Infrared spectra of the various areas of the burned paper depending on the extent of the burning were obtained using FT-IR – ATR (Attenuated Total Reflection) (Bruker alpha-P, diamond ATR crystal, Germany). Spectral collection was performed under ambient conditions with the following operating conditions: range 4000-400 cm−1; resolution 4 cm−1; scan number 128.

Washing treatment

Approx. 2.5 g of the burned paper (~3 sheets) and 2.7 g of the reference paper (~2 sheets) was washed in a water bath containing 375 mL and 400 mL of extra purified water (0.55 μS·cm−1), respectively, for 30 min with gentle shaking. The water-washing step was carried out three times.
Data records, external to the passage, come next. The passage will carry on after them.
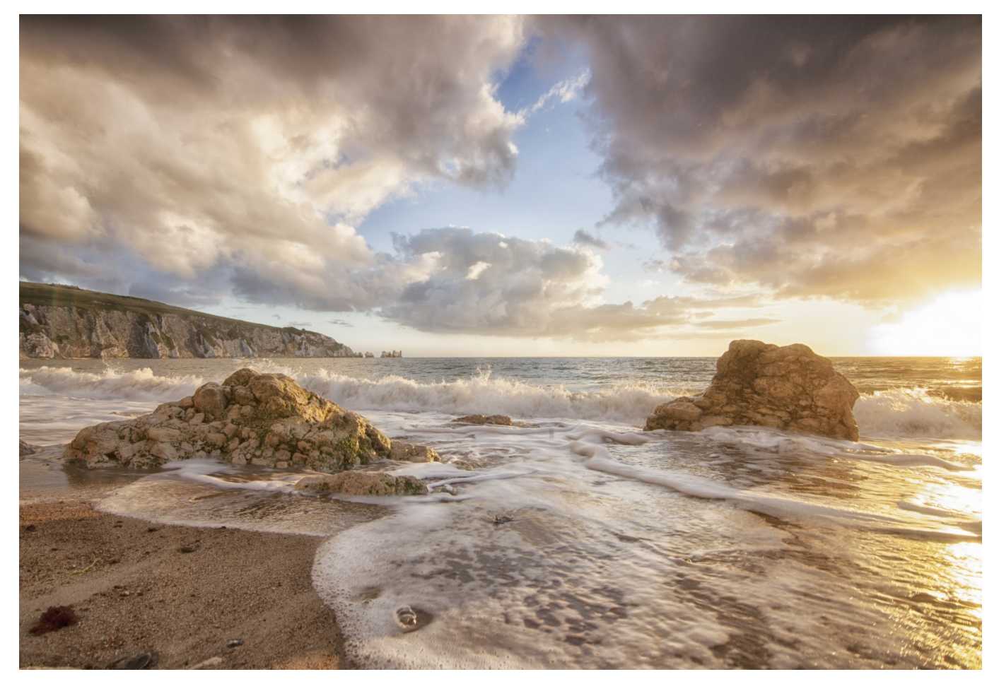
Alum Bay.
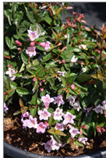
Sunrise Abelia flowers

This plant is not reliably hardy in our region, and certain restrictions may apply; contact the store for more information.
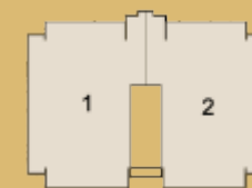
Key Plan Tower T15

4 Bedroom + 4 Toilet + Utility Super Area = 1950 sq.ft
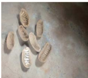
Figure 17. Shell use for decorating the rim.
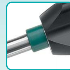
medium-large green color code
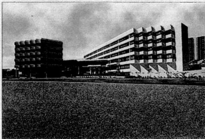
Hawaii Pacific Health

Other hospitals the authors looked at on O'ahu included Hawaii Medical Center-East, Hawaii Medical Center-West, Kuakini Medical Center, The Queen's Medical Center, Straub Clinic & Hospital and Wahiawa General Hospital.
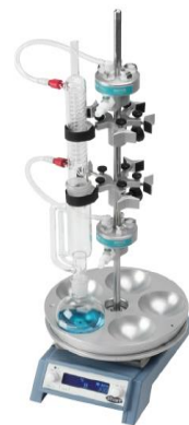
使用例③：抽出 250mLフラスコ、Water Manifold、ソッ クスレー抽出器、冷却コンデンサ
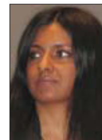
‘Previous studies of cardiovascular mortality have not controlled for traditional CV risk factors, as our work has done.’

After researchers controlled for traditional cardiovascular risk factors, psoriasis patients had a clinically significant increased risk of cardiovascular death (hazard ratio [HR] 1.55). This risk was modified by age, with patients aged 40 and younger being at greater risk (HR 2.65) than patients aged 41-60 (HR 1.90). This translated to an excess of 5.78 cardiovascular deaths per 10,000 person-years at age 40 and 58.9 per 10,000 person-years at age 60, she said.
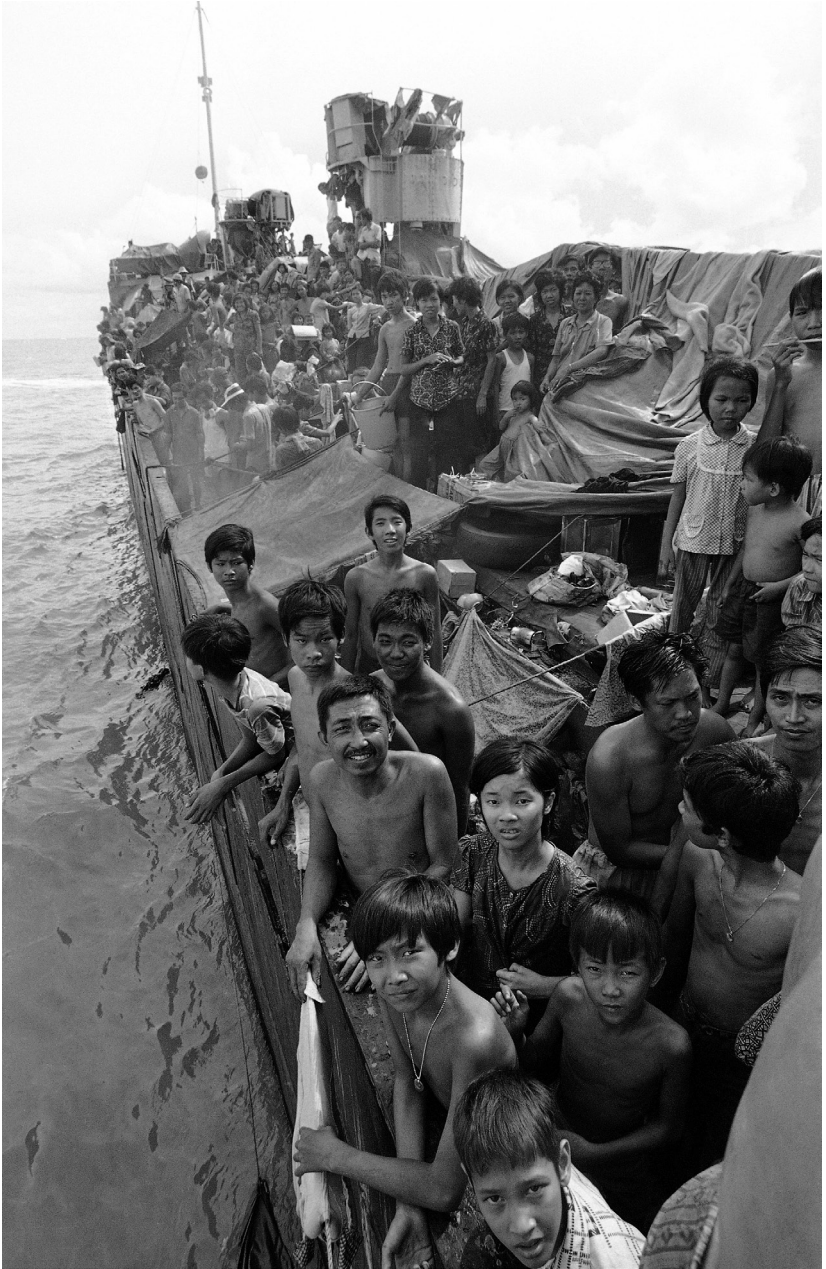
Vietnamese refugees on the deck of the freighter Hai Hong , 22 November 1978. In the database of the photo agency picture alliance, this photo carries the title >Vietnamese Syrians.<
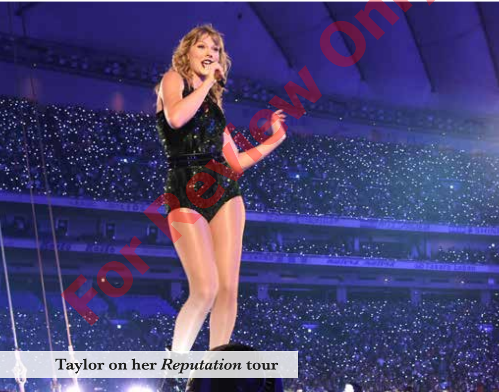
Taylor on her Reputation tour

Taylor is finishing her Reputation tour .
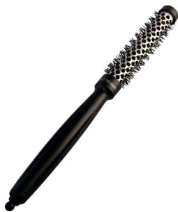
HOT CURLING 16
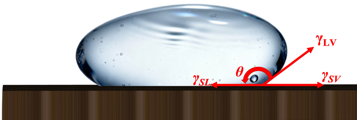
Fig. 4 Three vector components of Young's equation: solid–liquid ( \gamma_{SL} ), solid–vapor ( \gamma_{SV} ), and liquid–vapor ( \gamma_{LV} ) surface tensions. \theta is the contact angle.

2.2.1 Wenzel model. Robert Wenzel recognized that surface roughness increases the actual solid–liquid contact area compared to the droplet's horizontal projection, and this
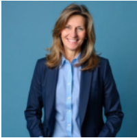
Gail Adashun Jones, Inc.
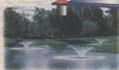
Standard High Volume Flow - 3 Half HP Units
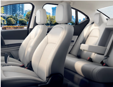
PREMIUM BENECKE KALIKO™ LEATHERETTE SEATS
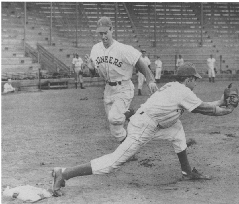
Austin Pioneer baseman stretches for a throw during a practice game.
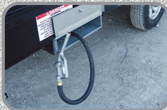
30 Gallon Fuel Station
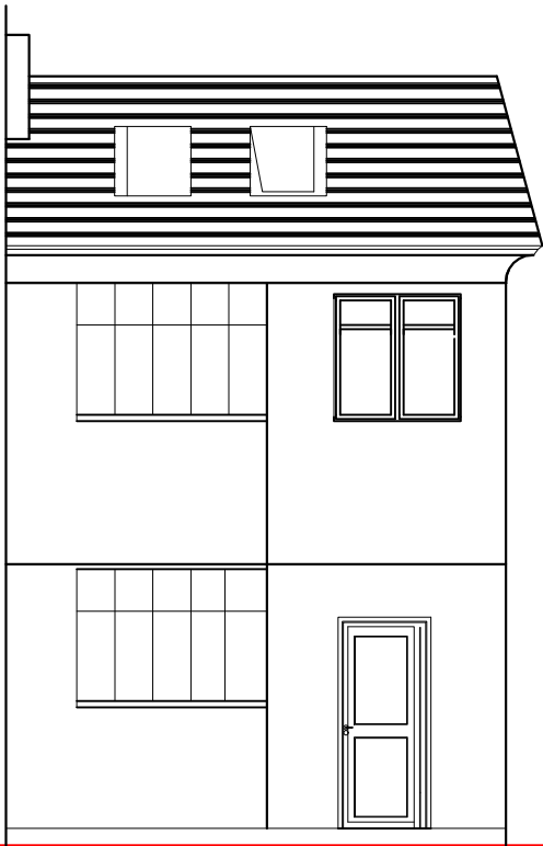
FRONT ELEVATION (Existing)

After removal of excess water between acid-free absorbent blotting papers (KLUG conservation GmbH, Germany), the papers were dried under ambient conditions. Each sample (1.8 g) was also washed once with 150 mL of ethanol (96%, v/v) and dried the same way.

Accelerated ageing

The accelerated ageing of the samples after the washing steps was carried out at 80 °C and RH of 65% in a climate chamber (Q-LAB Q-Sun Xe-3, USA) based on ISO 5630-3:199631 for 25 days and 39 days.

Data availability statement

Data are available upon request from the authors.